The First World War and the October Revolution in Russia had a strong impact on the Hasidim. Many of them left the borders of Russia, while those who remained were largely assimilated with the urban population. The leader of the Lubavitch Hasidim, Rabbi Menachem Mendel Schneerson, left the USSR in 1927 (settled in New York in 1941), and he did so in time soon (1935) the Hasidic movement was declared counter-revolutionary.

In 1938, the rabbi of Moscow, Hasid Shmaryahu Yehuda Leib Medalie, was arrested as a member of a terrorist organization and shot.
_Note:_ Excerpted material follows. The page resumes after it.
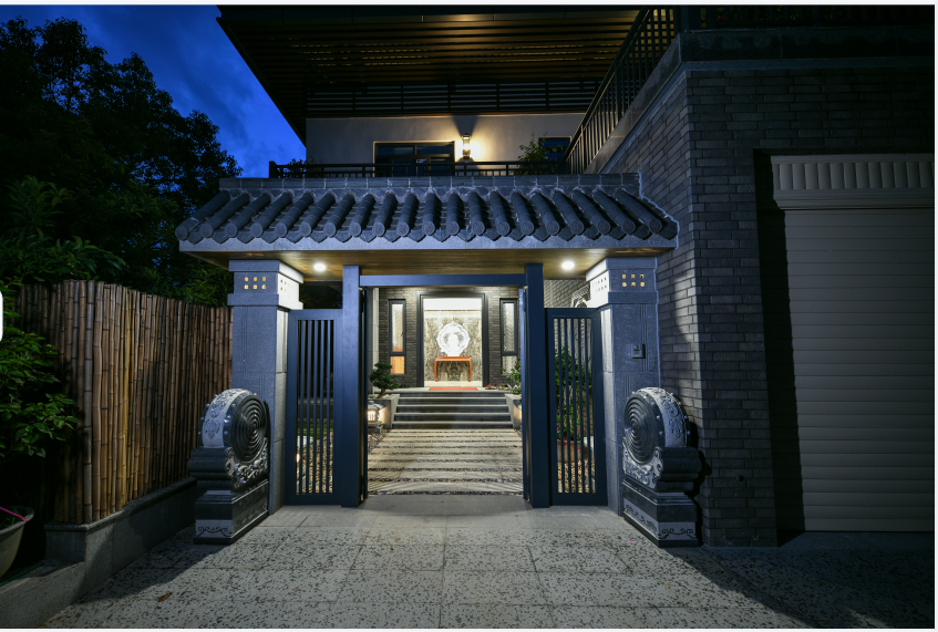 別墅入口位于北端,入戶(hù)大門(mén)、玄關(guān)前庭、會(huì)客廳入口動(dòng)線分明,豎式線條的門(mén)柱,傳統(tǒng)氣質(zhì)的門(mén)頭瓦當(dāng),圓與方的立面對(duì)話,橫與豎的線條演奏,日式與中式元素相得益彰,建筑主體設(shè)計(jì)思想悄然表達(dá)。

The Hasidim of the USSR went underground. There are currently two chief rabbis in Russia, one of whom, Berl Lazar, is a Lubavitch Hasid.

In the modern world, Hasidim, including the followers of the Chabad movement, live in closed communities. In Israel, the Hasidim live compactly in the Jerusalem district of Mea Shearim and the city of Bnei Brak. In the period from 1881 to 1915, about two million Jews left the territory of the Russian Empire for the United States, among whom there were many Hasidim. A large community of North American Hasidim exists in New York. The Hasidim of Israel are involved in the political life of the country.

Some of the Israeli Hasidim are part of the right wing of religious and political movements and advocate the construction of Jewish settlements in the West Bank and in the Gaza Strip. However, there is also the Hasidic movement Neturei Karto (aram. Guardians of the city), whose adherents oppose Zionism and the existence of the State of Israel, taking the pro-Palestinian side in the conflict between Israel and the Arab world.